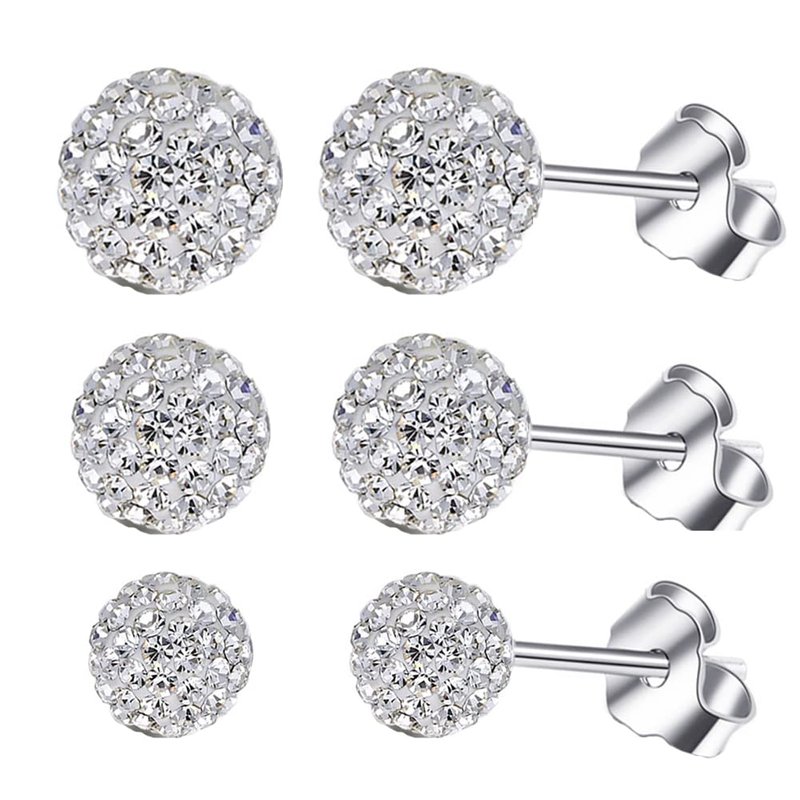 BG&WLing 3 Pieces Crystal Ball Stud Earrings Set for Women Girls, 3 Different Size Sparkle Disco Ball Earring Studs
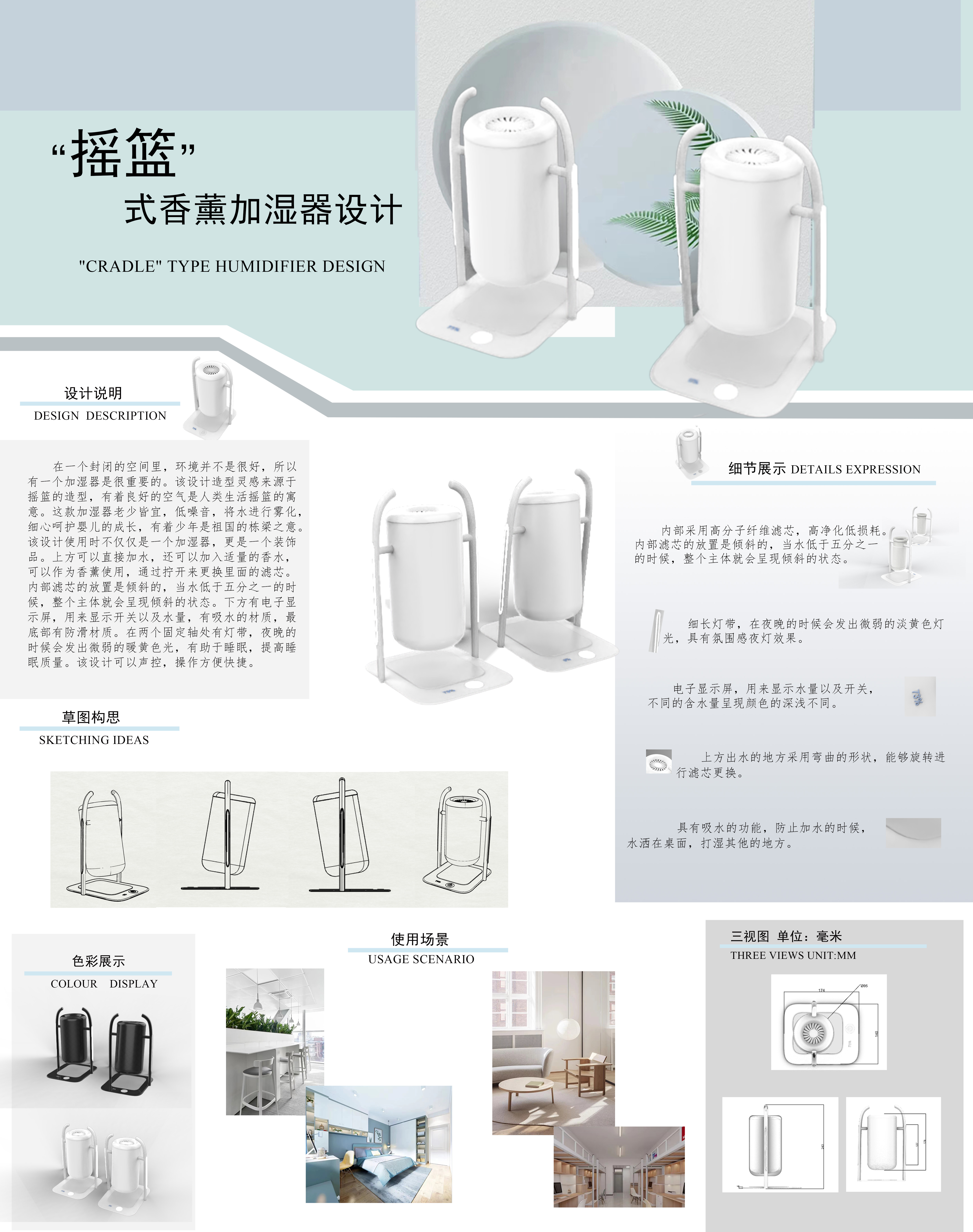 该产品灵感来源于婴儿摇篮,满水时呈垂直状态,水量变少时逐渐倾斜直至大于45度,以此来暗示人们水量的多少,将余量可视化
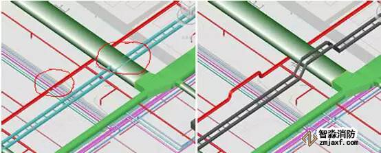 當(dāng)消防系統(tǒng)與機(jī)電總包的風(fēng)管發(fā)生碰撞時,如圖所示:
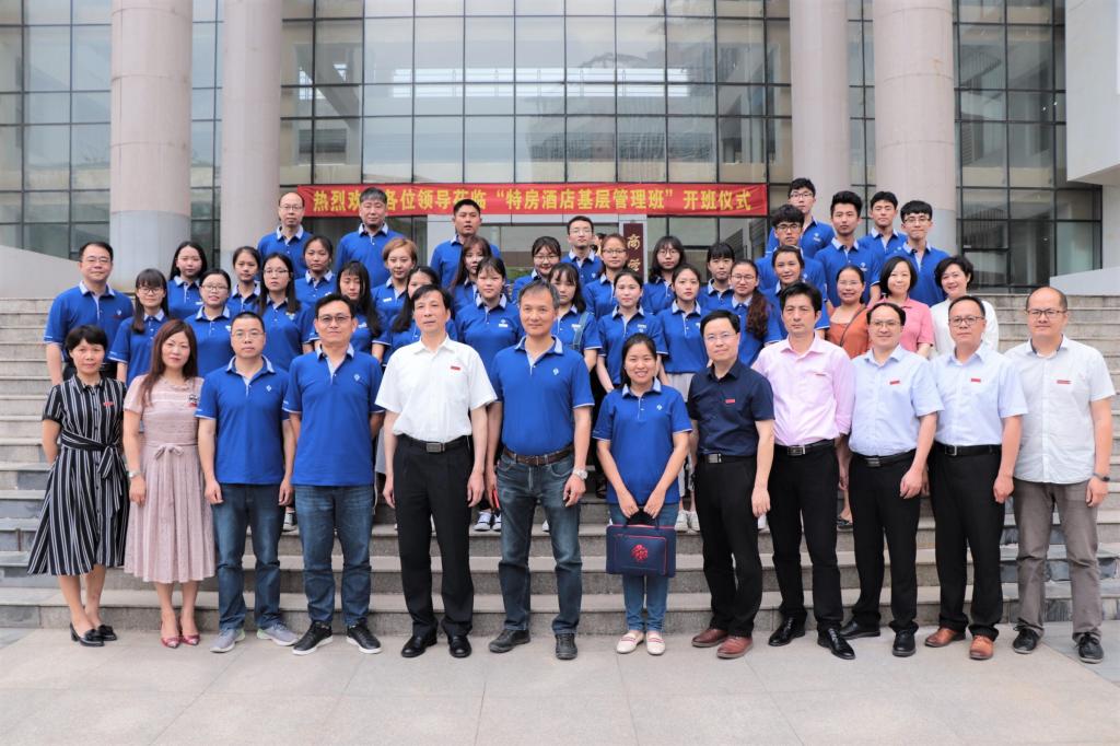 4月24日,在永利23411集团和厦门特房集团波特曼酒店有限公司的共同努力和精心筹备下,永利23411集团“特房酒店基层管理班”(以下简称“特房班”)如期迎来了开班仪式。yL23411永利集团纪委书记黄来渊、学生处处长林致远、招生就业处副处长林贵东、教务处副处长杨红和,永利23411集团副院长李变花、副书记王中坚,厦门特房波特曼酒店有限公司总经理吴韶辉、财务总监官厚德、人事行政总监胡汪等校方、院方和企业方代表共同出席了此次开班仪式。此外,永利23411集团相关专业教师代表、特房波特曼酒店有限公司相关部门负责人以及2017级特房班全体学员参加了仪式。仪式由永利23411集团王中坚副书记主持。
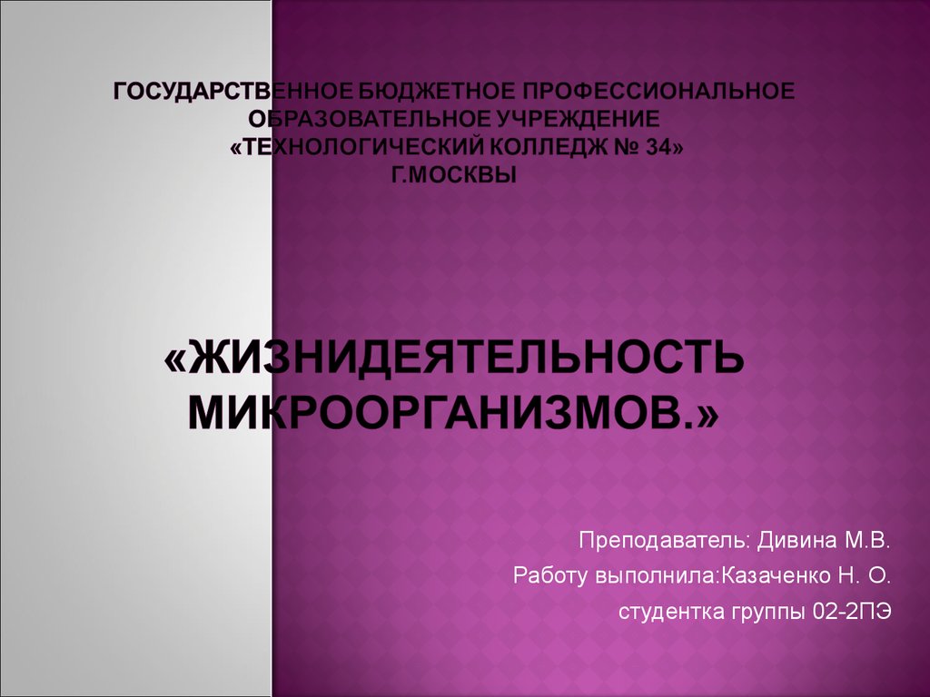 1. Государственное Бюджетное Профессиональное Образовательное Учреждение «Технологический колледж № 34» г.Москвы «Жизнидеятельность микро

#####

Work item:
Word-for-word repeat, images excluded: return all the data.

Answer area:
 BG&WLing 3 Pieces Crystal Ball Stud Earrings Set for Women Girls, 3 Different Size Sparkle Disco Ball Earring Studs
 该产品灵感来源于婴儿摇篮,满水时呈垂直状态,水量变少时逐渐倾斜直至大于45度,以此来暗示人们水量的多少,将余量可视化
 當(dāng)消防系統(tǒng)與機(jī)電總包的風(fēng)管發(fā)生碰撞時,如圖所示:
 4月24日,在永利23411集团和厦门特房集团波特曼酒店有限公司的共同努力和精心筹备下,永利23411集团“特房酒店基层管理班”(以下简称“特房班”)如期迎来了开班仪式。yL23411永利集团纪委书记黄来渊、学生处处长林致远、招生就业处副处长林贵东、教务处副处长杨红和,永利23411集团副院长李变花、副书记王中坚,厦门特房波特曼酒店有限公司总经理吴韶辉、财务总监官厚德、人事行政总监胡汪等校方、院方和企业方代表共同出席了此次开班仪式。此外,永利23411集团相关专业教师代表、特房波特曼酒店有限公司相关部门负责人以及2017级特房班全体学员参加了仪式。仪式由永利23411集团王中坚副书记主持。
 1. Государственное Бюджетное Профессиональное Образовательное Учреждение «Технологический колледж № 34» г.Москвы «Жизнидеятельность микро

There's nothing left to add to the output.